1. Lewis Carroll, Alice's Adventures in Wonderland (1865).

2. Section 9-504(2) of the UCC permits a UCC-1 financing statement to contain a supergeneric collateral description such as "all assets" of the debtor. However, UCC Sections 9-108 and 9-203(b)(3)(A) require the applicable security agreement to reasonably identify the collateral in which a security interest is granted and, as stated in Section 9-108, a supergeneric collateral description in a security agreement such as "all the debtor's assets" or "all the debtor's personal property" is not permitted. See also In re Hintze, 2015 Bankr. LEXIS 450 (Bankr. N.D. Fla. Feb. 11, 2015) (security agreement failed to sufficiently identify collateral). Thus, while a financing statement may designate "all assets" as the collateral subject to the filing (assuming the secured party has a lien in all of the debtor's assets or the debtor otherwise authorized the filing), a security agreement must reasonably identify the collateral in which a security interest is granted. Based on the facts as discussed in the Sterling United case, the parties did not dispute the sufficiency of the collateral description in the Bank's security agreement. In addition, it does not appear that the bankruptcy trustee for the Debtor asserted that the Bank's initial UCC financing statement should be considered superseded and rendered ineffective by the February 19, 2013 amendment.

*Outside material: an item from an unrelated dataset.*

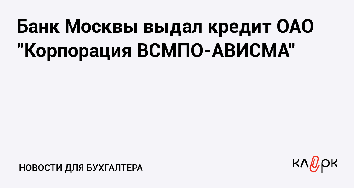 Банк Москвы выдал кредит ОАО "Корпорация ВСМПО-АВИСМА"
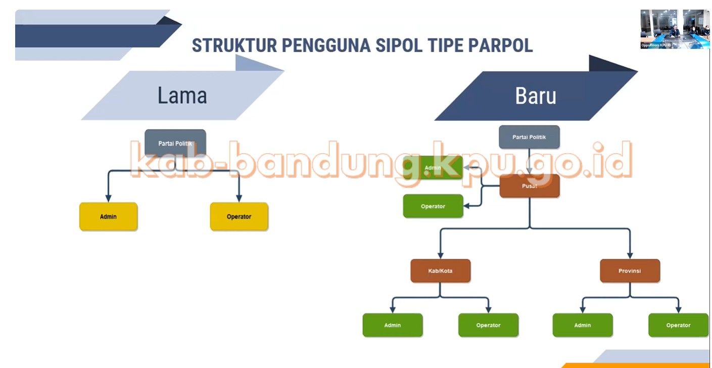 Bandung, kab-bandung.kpu.go.id – Selasa (5/7/22) KPU Republik Indonesia menyelenggarakan kegiatan Bimbingan Teknis penggunaan Aplikasi Sistem Informasi Partai Politik (SIPOL) untuk pengguna Partai Politik yang dihadiri oleh Ketua Divisi Teknis Penyelenggaraan KPU RI, Idham Holik, Deputi Bidang Dukungan Teknis KPU RI, Eberta Kawima, Kepala Biro Teknis Penyelenggaraan Pemilu Melgia Carolina Van Harling, Kepala Bagian Pengelolaan Peserta Pemilu KPU RI, Andi Krisna serta Plt Kapusdatin Andre Putra Hermawan yang bertindak sebagai narasumber. Kegiatan ini dilakukan secara daring yang diikuti oleh KPU Provinsi dan KIP Aceh divisi Teknis se Indonesia.

3. Based on UCC Section 9-506(a), a UCC financing statement is effective despite minor errors or omissions, unless the errors or omissions make the financing statement seriously misleading.

4. Although the bankruptcy court from which the Sterling United decision was appealed also ruled in favor of the Bank, such court nevertheless found the collateral description "needlessly convoluted." See In re Sterling United, Inc., 519 B.R. 586, 589 (Bankr. W.D.N.Y. 2014).

The content of this article is intended to provide a general guide to the subject matter. Specialist advice should be sought about your specific circumstances.